Bro. Im actually watching all your videos and they all are just too good for someone like me. Like seriously. I never comment under videos but like litteraly what you show is so damn useful lmao thanks for everything
finally I can focus on just writing simple working code rather than constantly stressing by thinking about ways to make it performance efficient. the amount of emphasize regarding using some functions in docs & web is too much, that if you do this then it's slower. thanks for making this awesome test 🔥
It`s intersting that despite my thoughts that unity tuorials are saturated, you still manage to surprise us with unique videos. Very intersting level of expertise. I salute you!
This is a great video, and some of your results make me feel better about optimizing some of my code; it can actually make a difference! In regard to NonAlloc methods, I believe the Unity 2022 documentation states that they will be deprecated.

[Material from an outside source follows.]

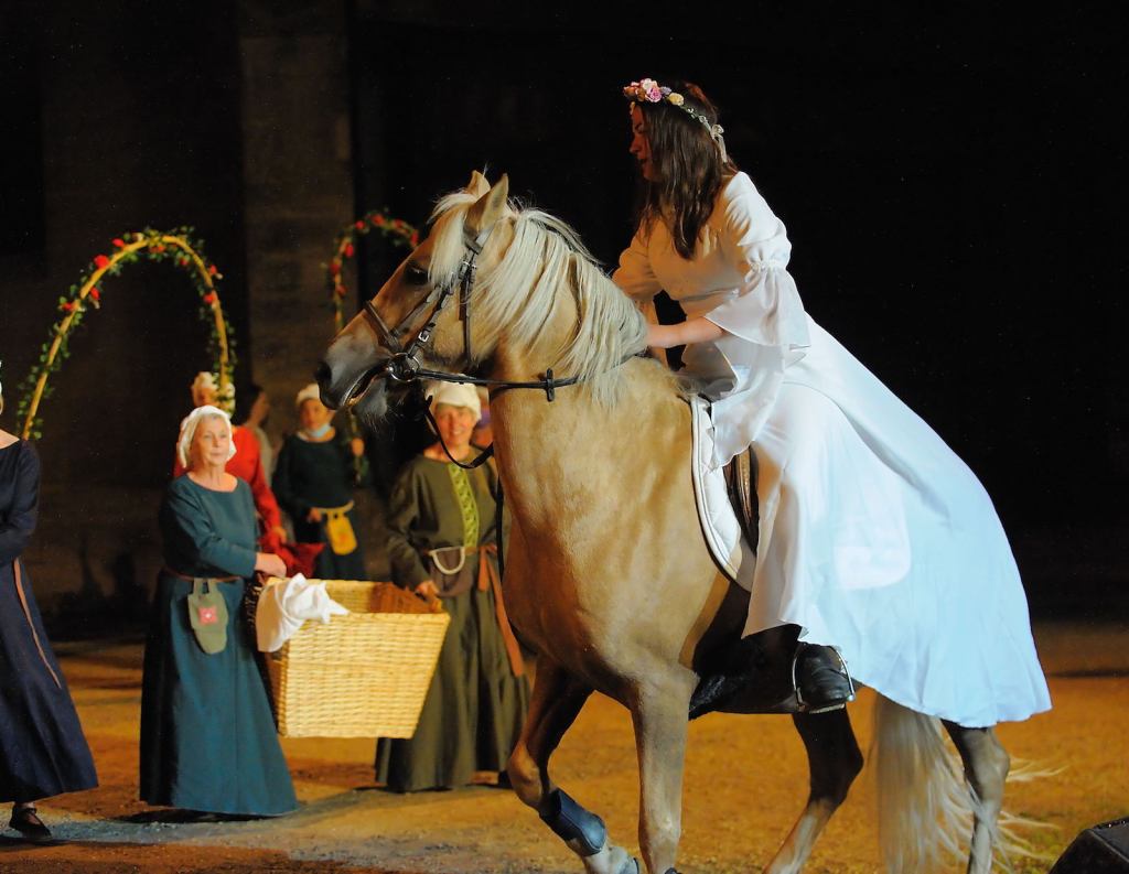 The 75-minute show brings 500 local residents, known as Meldois in honor of the Meldi the ancient Gaulish tribe that lived in the region, into the spotlight who volunteer their time with gusto and plenty of hard work and go through between three to six costume changes throughout the evening. Even the town’s children get into the act and for some families three generations have sung, danced, or acted in the show which also features state-of-the-art special effects and lighting and riders on horseback. There are some 900 projectors, 300 light displays, 2,500 costumes —they change costumes in the cathedral — made also by the local people, and myriad props and sets all worthy of a block buster production.

Instead, something like Physics2D.Boxcast has two overload methods - one that takes an array as a parameter, like in your example, and another that takes a List - that actually grab all colliders, not just the first one. I would be curious how these perform, and especially if the List version is notably slower and/or produces any garbage.
(cries in cache) Thanks for the great video dude, I'd love to see more videos like this with more unity specific things, like nesting GameObjects vs. having them live free and wild in the hierarchy, nesting canvases, and other best practices for performance
"send message is not a good practice" and here I was sitting and thinking i was doing a neat job using send message to optimize my code. thanks for the tip!
This one is great to know for performance and not many use this properly: Caching WaitForSeconds and other yield return calls (like WaitForEndFrame etc) in a coroutine! You can cache the variable as private WaitForSeconds = new WaitForSeconds (1f); Without doing this you'll add stuff to the garbage collector every so often which can add up! Bonus nitpick: you can change both transform.rotation and .position by calling setPositionAndRotation, then the calls are merged into 1?
I remember years ago when I first decompiled WaitForSeconds to discover it being a class and not a struct. I was shocked and began caching them ever since. Nice tip! Also yup, just decompiled setPositionAndRotation and it is indeed just one extern call.
Be very careful with this. You may be tempted to make central area with different cached wait for seconds. Or maybe you would make a dictionary for caching this too. The problem with that is if multiple coroutines are using the same wait for seconds, the timing will be completly wrong due to the internal timer being reset when the routines exit. I find this often at my job.
I LOVED this video, I just started Unity and you are my favorite channel so far. Quality content focused on Unity (not generic programming stuff) and Game Dev. I did not even knew about Unity making external call to C++ I would be interested in a follow up video focusing on differences across platforms. Maybe look at Browser vs Windows vs Mobile.
Thanks for sharing. Even if you have an idea of what is potentially better its nice to see some testing results. The small things like VxFxFx make sense if I think about it - but I doubt I would have even thought about it until you mentioned it. Remember using strings in my item tooltip , and switched over to stringbuilder - never looked back!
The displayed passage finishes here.